Так все четверо оказываются ночью в лесу, где и без того уже закручиваются трагедии с комедиями. Здесь репетируют пьесу к свадьбе герцога, здесь ссорятся царь и царица эльфов (Оберон – опять Карэн Бадалов, а Титания вновь Галина Тюнина). Пытаясь помирить их, добрый малый, эльф Робин (Амбарцум Кабанян) перепутывает юных греков, все перевлюбляются заново. Ничего не подозревающий театрал-мастеровой превращается в осла. Ночка выходит совершенно шалая.
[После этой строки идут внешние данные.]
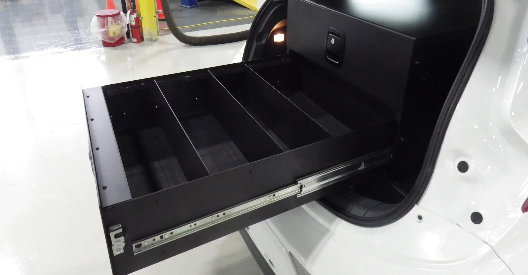 Rowland Emergency’s rear cargo storage systems are specially designed storage units for emergency vehicles, helping first responders securely transport and organize essential equipment.

Для своей постановки “Сна в летнюю ночь” Иван Поповски выбрал не самый привычный для российской публики перевод – Осии Сороки. Он особенный – извилисто ритмичный, немного инверсивный, цветаевский. В предисловии к “Сну в шалую ночь” Сорока объяснял свой выбор: “Нет в русской литературе XX века поэта раскованней, “шекспиристей” по ритмике стиха, чем Цветаева”. И для наглядности приводит цитаты из ее пьесы “Приключение” – той самой, что Иван Поповски ставил еще на втором курсе обучения у Петра Фоменко. К “Сну” режиссер отнесся очень бережно: чистый текст, хорошие актеры, отсутствие декораций – все почти как в шекспировском театре “Глобус”.

Спектакль фоменок уже успели сравнить с легендарной постановкой Питера Брука 1970 года – там были акробатические номера, актеры на трапециях под куполом. У Поповски есть воздушные полотна – в них герои путаются, кувыркаются, взлетают. Это ведь тоже “шекспировский театр” – времен, когда гимнасты и жонглеры, независимо от персонажей пьесы, вплетались в ткань спектакля, а разница между актером и шутом была не очень четкой.

Ткань в этом спектакле вообще – отдельная материя. Полотнища полностью заменяют собой декорации – становятся и колоннадой, и лесом, и кровом. Разделяют, соединяют, опутывают, окутывают, скрывают наготу и обнажают помыслы. Ткань качается гамаком, волнуется морем, сбивается простынею. Сквозь тонкую материю светится особая эротика вполне обыденных сцен. Сплошные тонкие намеки на толстые обстоятельства. Спектакль из шелка и газа – такой “эльфийский” ход. Ткань объединяет и разъединяет персонажей: четкое разделение на царей, людей и эльфов сам Шекспир задал уже именами – Тезей и его приближенные носят греческие имена, ремесленники – английские христианские, а Оберон и свита – фольклорные, языческие. Иван Поповски и его “П.О.П.” (так в программке значится художник-постановщик) эту разницу визуализировали: греки – в белом, мастеровые – в коричневом, эльфы – “люди в сером”.

Три цвета и “расы” пересекаются в финале, на тройной свадьбе. Тезей и Ипполита, Гермия и Лисандр, Елена и Деметрий смотрят ту самую постановку, которую ремесленники репетировали в лесу. Шекспировскую пародию на средневековый театр режиссер усилил жирно – мастеровые на лыковых котурнах, сцена на сцене высоко, но косо, на заднике мятые тряпки.

Любимый Шекспиром “театр в театре” режиссер наделил дополнительным смыслом. Получился не просто “наблюдающий за наблюдающим”. На сцене собрались три поколения “фоменок”. Кто-то в воображаемом зрительном зале, кто-то в незримом пространстве, кто-то на сцене. Все связаны одной тканью в один и тот же узел, у всех одни подмостки и акробатические этюды. У Тезея тот же театральный бинокль, что и у Оберона – то есть, одна и та же оптика, один и тот же взгляд, один театр.

Иллюзии перетекают из одной в другую и в финале: подметает сцену не эльф, а грек. Но из-под белых греческих одежд торчат серые, эльфийские. Что иллюзорно, что реально – никогда до конца не ухватишь: вечно что-нибудь ускользает. Китайская шкатулка “Мастерской” продолжает открываться.